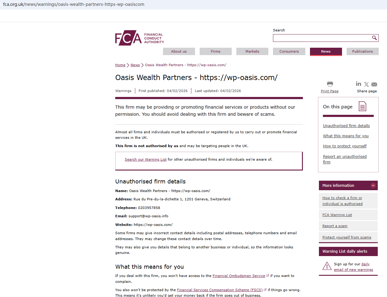 On Feb 4, 2026, the Financial Conduct Authority (FCA) issued a warning regarding Oasis Wealth Partners , suspecting that this company may be offering financial services or products without the necessary authorization. https://www.fca.org.uk/news/warnings/oasis-wealth-partners-https-wp-oasiscom
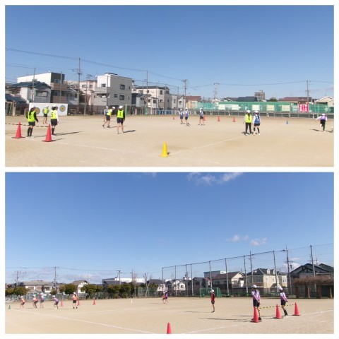 体育はサッカーです。4チームに分かれてゲームをしていました。ラインの外での1対1などルールが工夫されていて,みんなが積極的にボールを追いかけて得点に貢献していました。
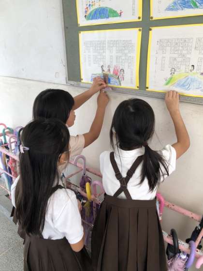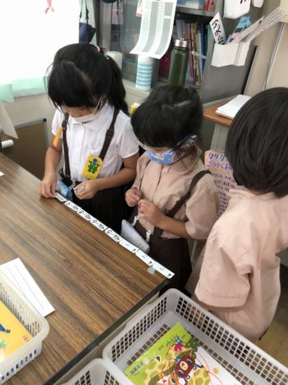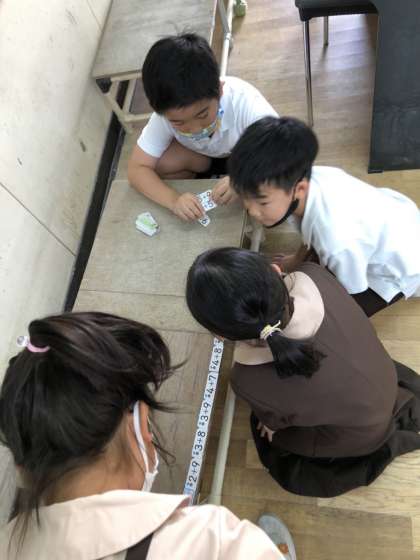 昨日の算数で、計算カードなどみんなが同じ長さのもので長さを調べるとよいことがわかった子どもたち。今日は、班で調べたいものを決めて調べました。オルガンを調べた班はどちらもカード14こ分になりました。

==========

# Exercise details
Transcribe every line from the one containing "体育はサッカーです。4チーム" to the end of the listing, exactly and exclusively. Do not carry any picture over.

# Expected answer
 体育はサッカーです。4チームに分かれてゲームをしていました。ラインの外での1対1などルールが工夫されていて,みんなが積極的にボールを追いかけて得点に貢献していました。
 昨日の算数で、計算カードなどみんなが同じ長さのもので長さを調べるとよいことがわかった子どもたち。今日は、班で調べたいものを決めて調べました。オルガンを調べた班はどちらもカード14こ分になりました。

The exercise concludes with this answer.